At the same time that John Marshall, the subject of this work, was captain in a Virginia regiment, two other John Marshalls were captains in Pennsylvania regiments. When Thomas Marshall of Virginia was an officer in Washington's army, there were four other Thomas Marshalls, two from Massachusetts, one from South Carolina, and one from Virginia, all Revolutionary officers. (Ib.)
When Stony Point was taken by Wayne, among the British prisoners captured was Lieutenant John Marshall of the 17th Regiment of British foot (see Dawson, 86); and Captain John Marshall of Virginia was one of the attacking force. (See infra, chap. IV.)
In 1792, John Marshall of King and Queen County, a boatswain, was a Virginia pensioner. (Va. Hist. Prs., v, 544.) He was not related to John Marshall, who had become the leading Richmond lawyer of that time.
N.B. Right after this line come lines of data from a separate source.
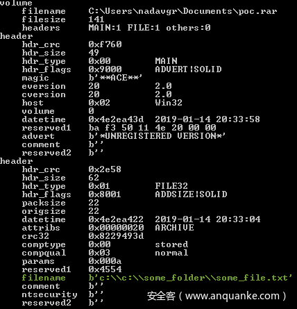 另外,就WinRAR而言,只要归档文件具有.rar扩展名,它就会根据文件的Magic字节处理它,在我们的示例中,是ACE格式。
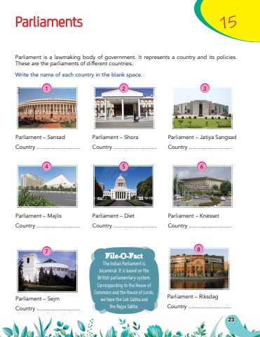15Parliament is a lawmaking body of government. It represents a country and its policies. These are the parliaments of different countries.Write the name of each country in the blank space.Parliament %u2013 SansadCountry ............................Parliament %u2013 MajlisCountry ............................Parliament %u2013 SejmCountry ............................Parliament %u2013 ShoraCountry ............................Parliament %u2013 DietCountry ............................Parliament %u2013 Jatiya SangsadCountry ............................Parliament %u2013 KnessetCountry ............................Parliament %u2013 RiksdagCountry ............................14725368The Indian Parliament is bicameral. It is based on the British parliamentary system. Corresponding to the House of Commons and the House of Lords, we have the Lok Sabha and the Rajya Sabha.File-O-FactParliaments23
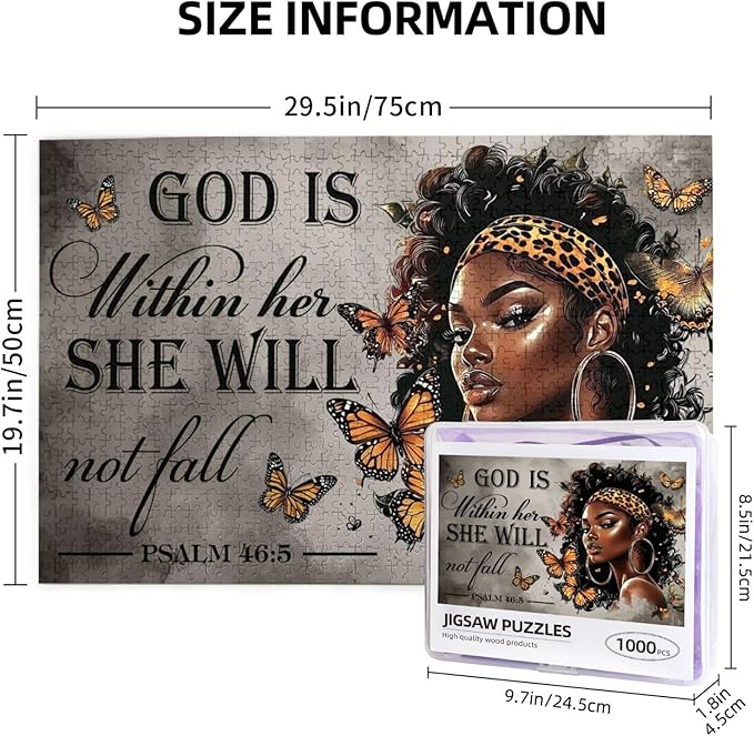 African American Jigsaw Puzzles 1000 Pieces for Adults, Psalm 46:5 Bible Verse, Inspirational Black Woman Wooden Puzzle for Stress Relief & Home Decor
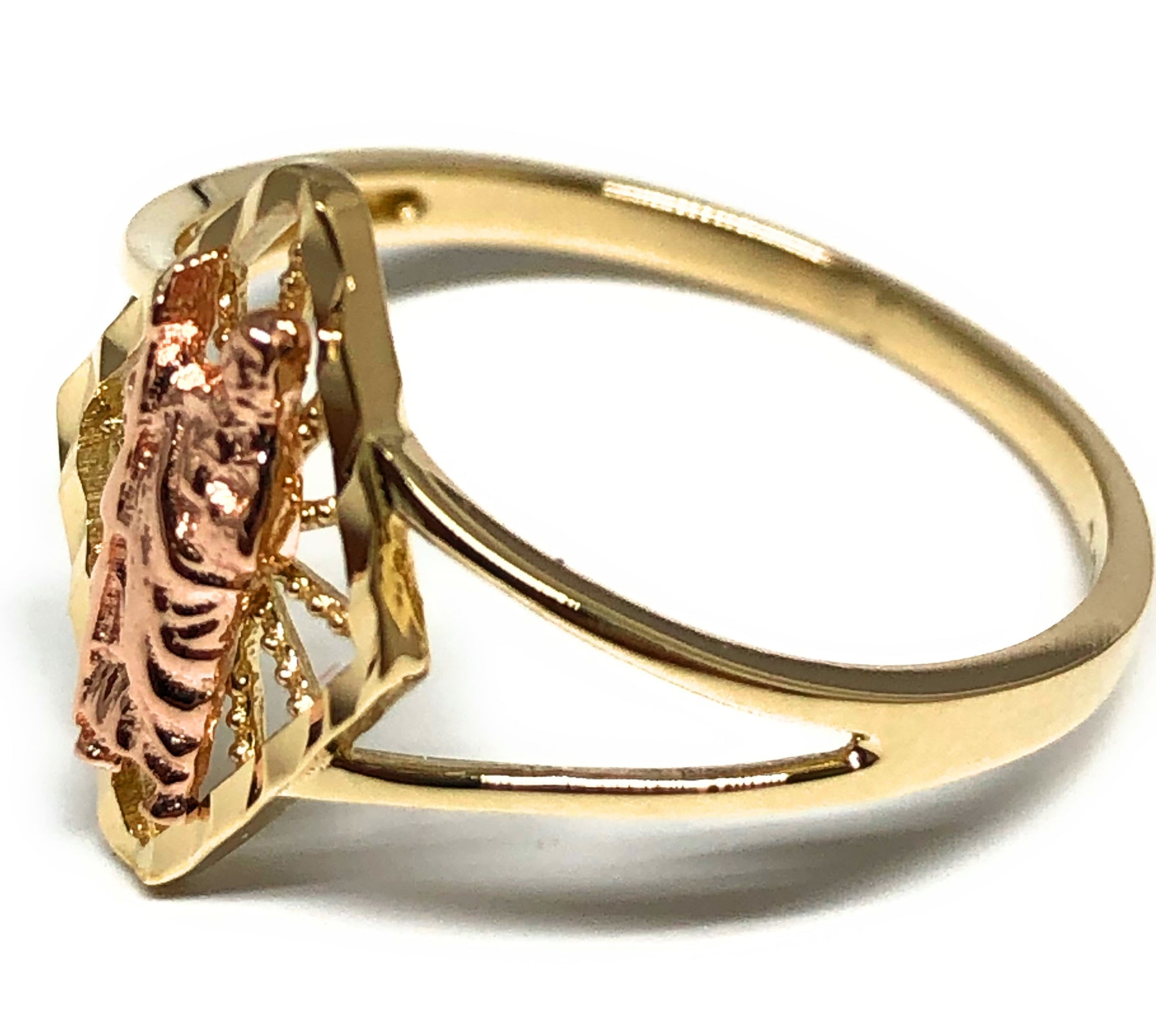 - Tri-Color Gold San Judas Classic Filigree ring is 10k solid gold guaranteed.

While Hamilton was Secretary of the Treasury he received several letters from John Marshall, an Englishman, who was in this country and who wrote Hamilton concerning the subject of establishing manufactories. (Hamilton MSS., Lib. Cong.)
Illustrations like these might be continued for many pages. They merely show the danger of inferring relationship because of the similarity of names, especially one so general as that of Marshall.
[52] The Cary Papers, supra. Here again the Marshall legend riots fantastically. This time it makes the pirate Blackbeard the first husband of Marshall's paternal grandmother; and with this freebooter she is said to have had thrilling and melancholy experiences. It deserves mention only as showing the absurdity of such myths. Blackbeard was one Edward Teach, whose career is well authenticated (Wise, 186.) Colonel Cary put a final quietus on this particular tale, as he did on so many other genealogical fictions.
[53] See Douglas: Peerage of Scotland (1764), 448. Also Burke: Peerage (1903), 895; and ib. (1876). This peerage is now extinct. See Burke: Extinct Peerages.
[54] For appreciation of this extraordinary man see Carlyle's Frederick the Great.
[55] Paxton, 30.
[56] From data furnished by Justice James Keith, President of the Court of Appeals of Virginia.